Required action -> From the records that follow, return exactly the lines beginning at the one that contains "two image collage" and ending at the one that contains "Una stazione di", pictures left out.

Source data ->
=====

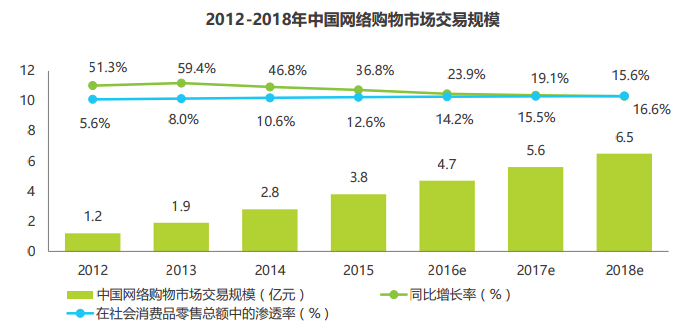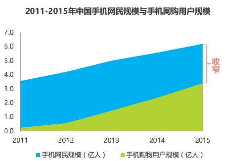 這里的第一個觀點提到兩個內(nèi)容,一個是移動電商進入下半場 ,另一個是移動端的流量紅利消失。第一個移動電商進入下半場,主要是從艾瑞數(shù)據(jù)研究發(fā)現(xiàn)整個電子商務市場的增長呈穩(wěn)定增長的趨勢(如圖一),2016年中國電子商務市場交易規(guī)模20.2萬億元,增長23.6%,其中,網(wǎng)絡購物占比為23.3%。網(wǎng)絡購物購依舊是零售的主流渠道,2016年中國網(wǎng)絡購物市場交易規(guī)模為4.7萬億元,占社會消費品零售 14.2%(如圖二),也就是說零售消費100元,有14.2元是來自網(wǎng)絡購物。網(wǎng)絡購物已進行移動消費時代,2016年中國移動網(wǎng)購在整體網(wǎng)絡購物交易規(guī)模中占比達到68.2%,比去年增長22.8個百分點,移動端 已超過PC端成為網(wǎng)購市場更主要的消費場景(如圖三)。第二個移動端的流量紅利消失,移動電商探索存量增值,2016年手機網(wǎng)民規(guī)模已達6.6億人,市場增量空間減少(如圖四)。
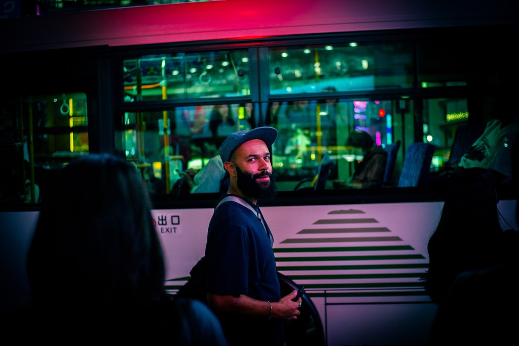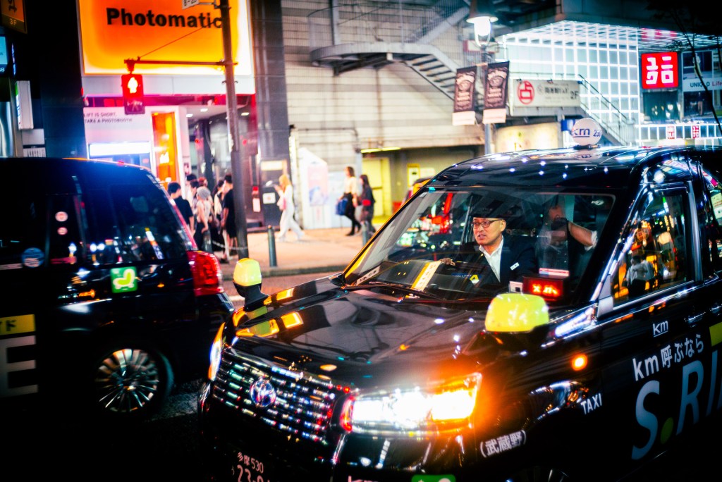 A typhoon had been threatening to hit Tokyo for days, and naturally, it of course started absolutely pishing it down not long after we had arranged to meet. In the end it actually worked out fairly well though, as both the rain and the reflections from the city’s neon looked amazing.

=====

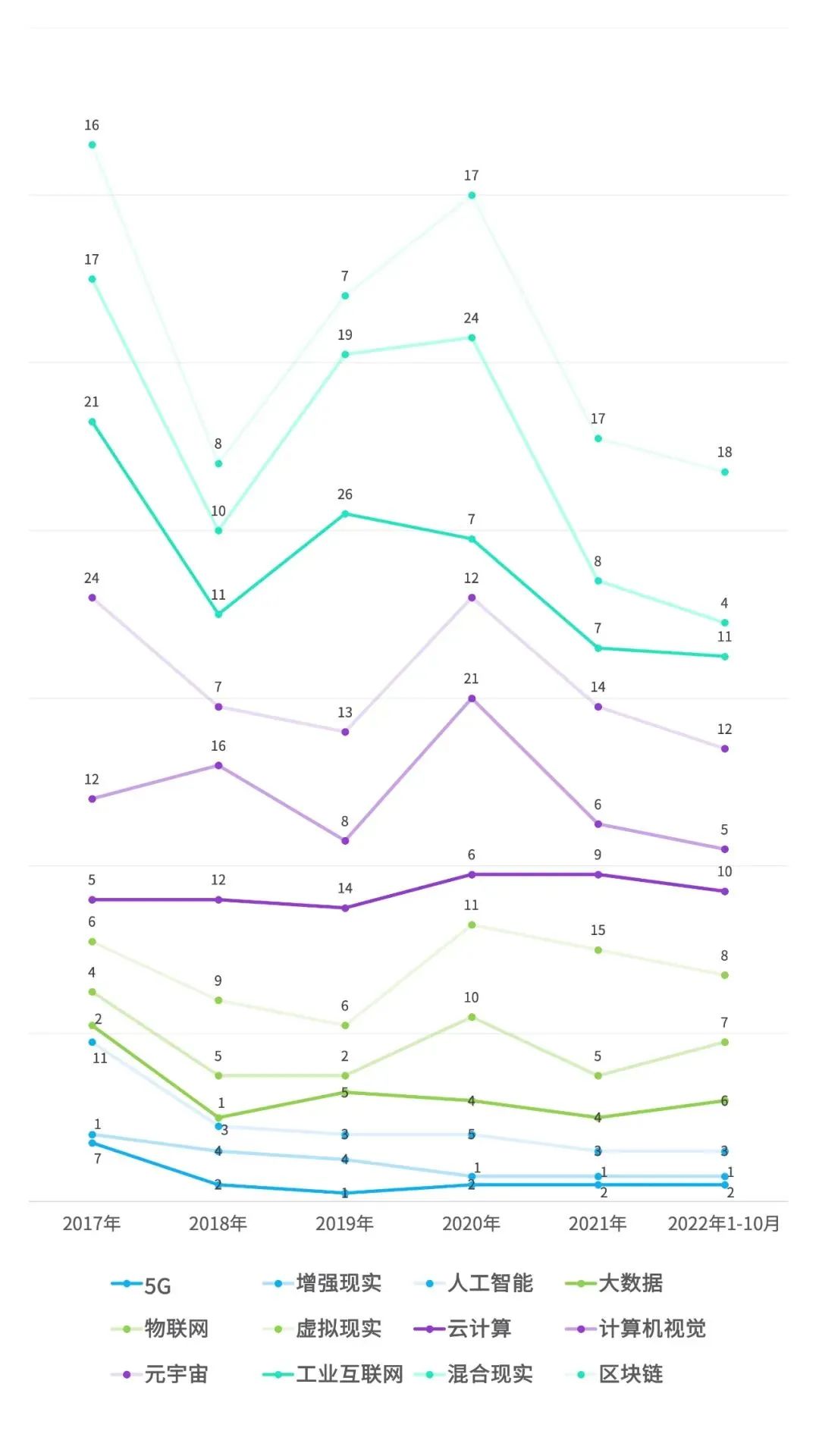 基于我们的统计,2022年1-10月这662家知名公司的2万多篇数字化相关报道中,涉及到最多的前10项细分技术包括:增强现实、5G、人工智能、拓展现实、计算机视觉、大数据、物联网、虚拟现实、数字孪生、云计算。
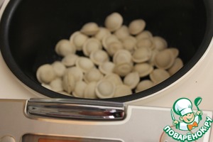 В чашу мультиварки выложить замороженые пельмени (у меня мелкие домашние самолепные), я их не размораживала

=====

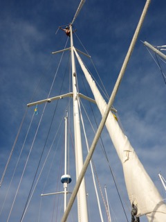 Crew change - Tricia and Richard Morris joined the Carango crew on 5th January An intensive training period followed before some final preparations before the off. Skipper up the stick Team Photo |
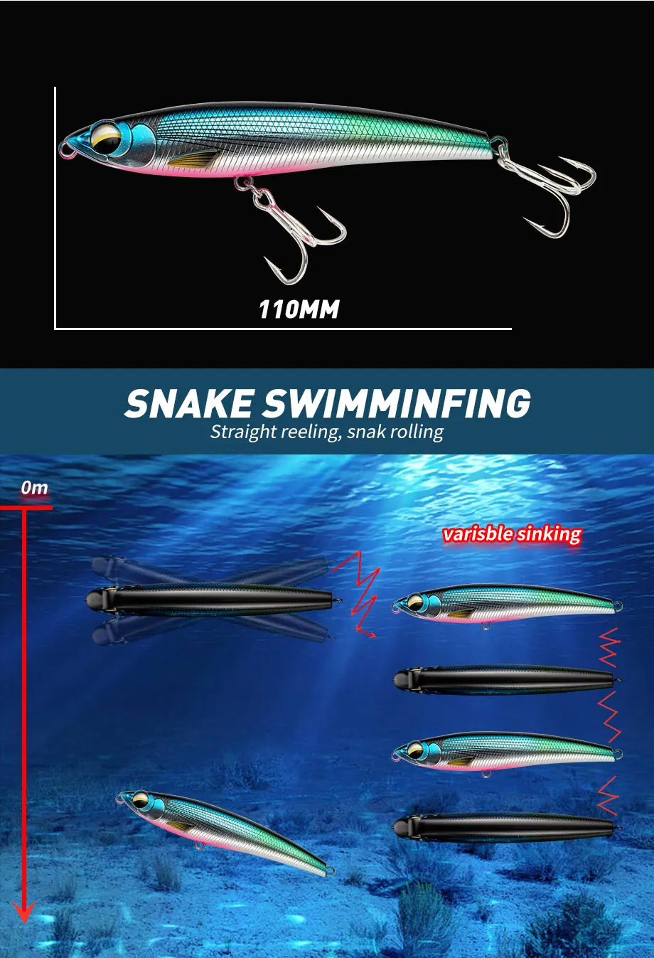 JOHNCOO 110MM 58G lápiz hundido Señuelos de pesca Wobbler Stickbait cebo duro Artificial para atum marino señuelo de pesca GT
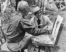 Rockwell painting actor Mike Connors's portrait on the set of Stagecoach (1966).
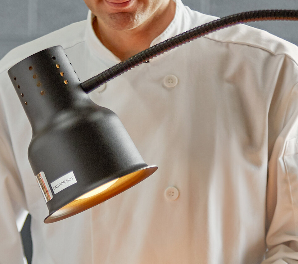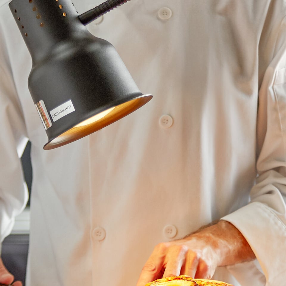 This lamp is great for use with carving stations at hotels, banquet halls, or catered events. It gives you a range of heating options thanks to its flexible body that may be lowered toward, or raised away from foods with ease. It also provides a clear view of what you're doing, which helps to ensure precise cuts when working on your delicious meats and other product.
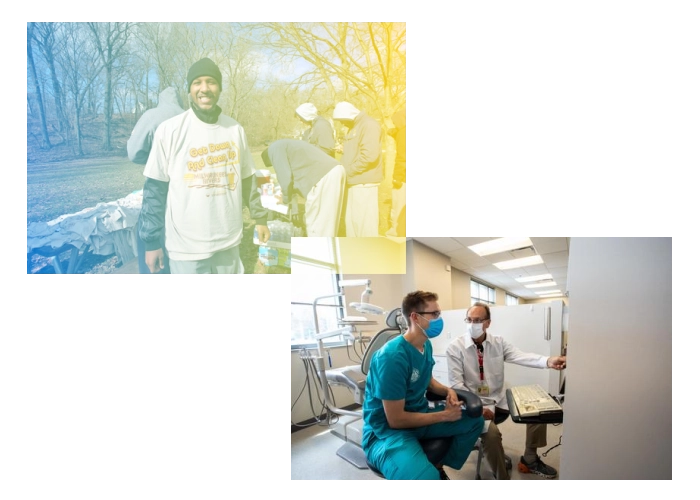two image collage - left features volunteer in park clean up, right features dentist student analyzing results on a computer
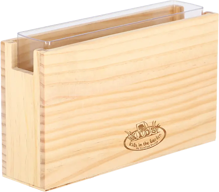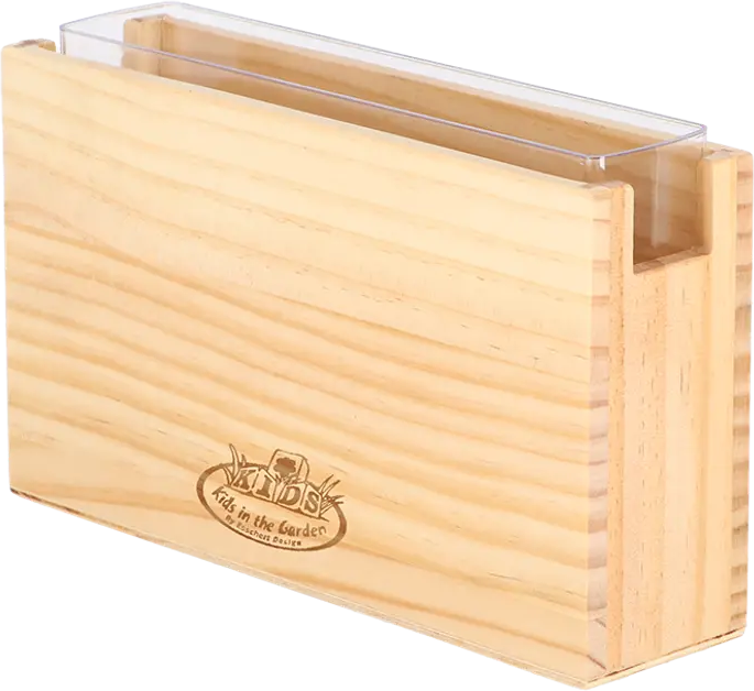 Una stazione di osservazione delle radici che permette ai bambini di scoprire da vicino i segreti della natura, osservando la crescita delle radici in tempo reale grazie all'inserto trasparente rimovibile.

=====

Response area ->
two image collage - left features volunteer in park clean up, right features dentist student analyzing results on a computer
 Una stazione di osservazione delle radici che permette ai bambini di scoprire da vicino i segreti della natura, osservando la crescita delle radici in tempo reale grazie all'inserto trasparente rimovibile.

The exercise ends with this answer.